Copy the lines below exactly, starting at the one with "ヘコむあだ名 | 『すず太郎』『すずきけいすけ(笑)』 |" and ending at the one with "Green moissanite polki", and leave out any picture.

RECORDED DATA:

================================

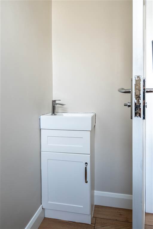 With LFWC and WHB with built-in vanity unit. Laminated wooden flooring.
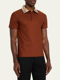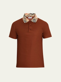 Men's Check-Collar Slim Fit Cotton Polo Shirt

================================

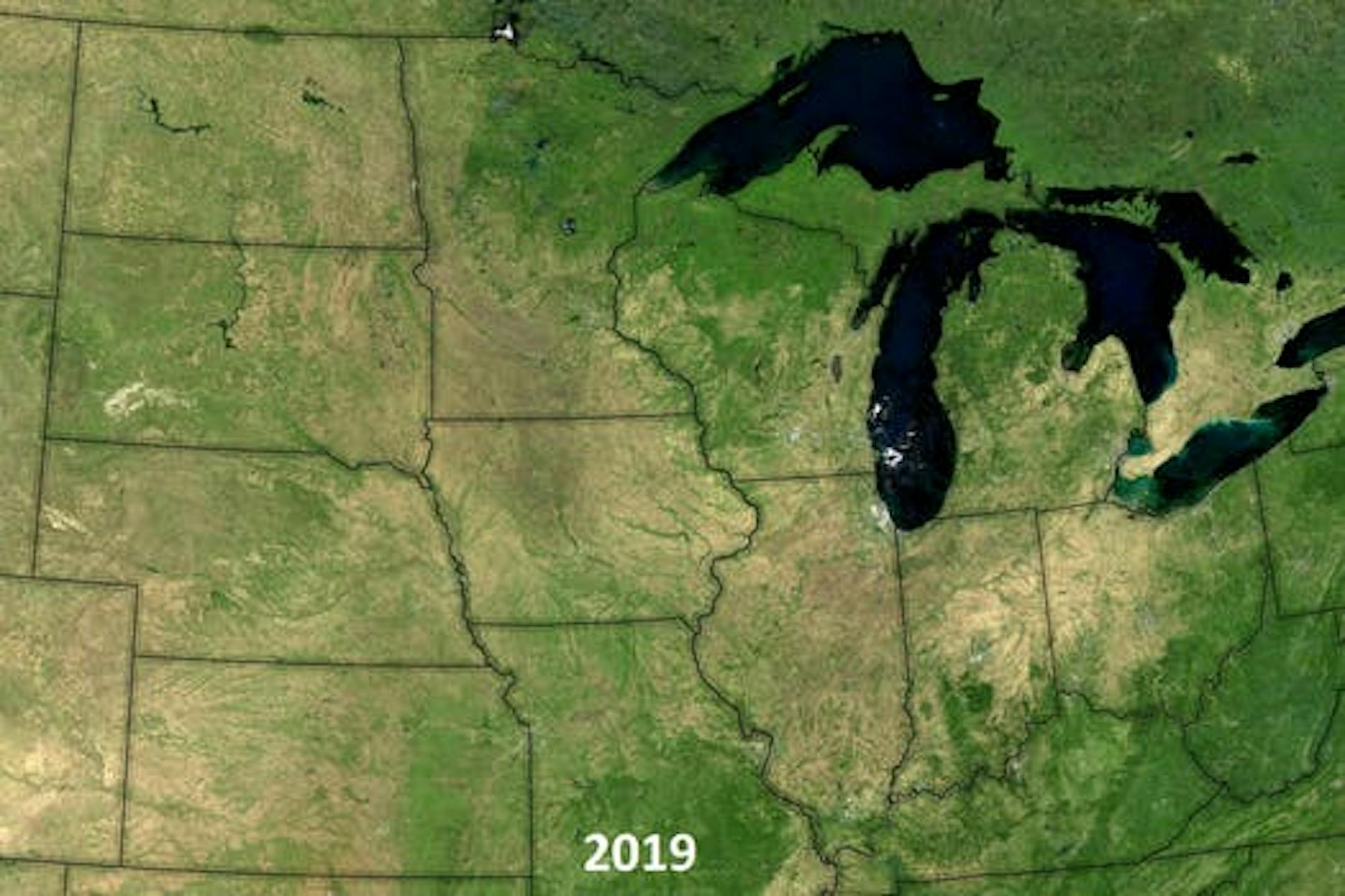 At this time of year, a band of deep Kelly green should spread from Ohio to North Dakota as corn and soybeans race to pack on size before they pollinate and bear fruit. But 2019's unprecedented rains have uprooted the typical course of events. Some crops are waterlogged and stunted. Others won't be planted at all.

================================

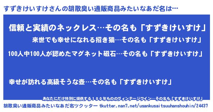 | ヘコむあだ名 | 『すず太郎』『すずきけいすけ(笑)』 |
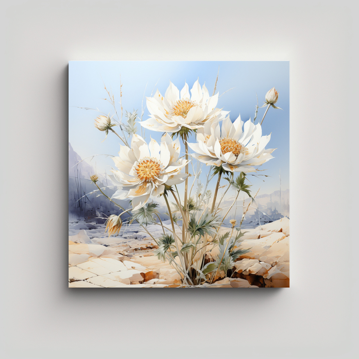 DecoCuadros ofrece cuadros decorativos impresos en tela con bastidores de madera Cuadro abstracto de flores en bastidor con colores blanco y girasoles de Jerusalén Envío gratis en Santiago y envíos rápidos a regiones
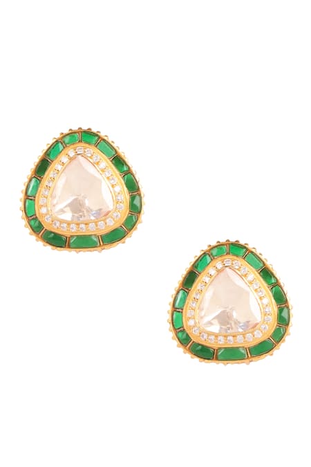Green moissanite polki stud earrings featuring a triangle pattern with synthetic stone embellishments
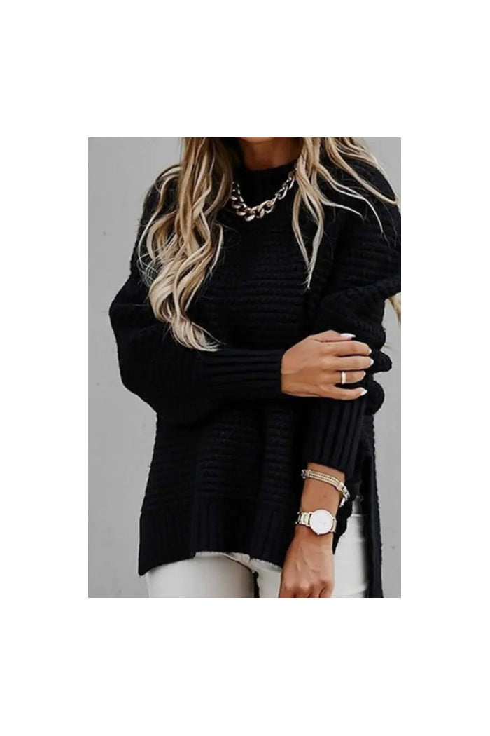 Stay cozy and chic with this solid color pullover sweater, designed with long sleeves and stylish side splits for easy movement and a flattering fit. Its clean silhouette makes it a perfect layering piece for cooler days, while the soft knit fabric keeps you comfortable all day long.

================================

YOUR SOLUTION:
 | ヘコむあだ名 | 『すず太郎』『すずきけいすけ(笑)』 |
 DecoCuadros ofrece cuadros decorativos impresos en tela con bastidores de madera Cuadro abstracto de flores en bastidor con colores blanco y girasoles de Jerusalén Envío gratis en Santiago y envíos rápidos a regiones
Green moissanite polki stud earrings featuring a triangle pattern with synthetic stone embellishments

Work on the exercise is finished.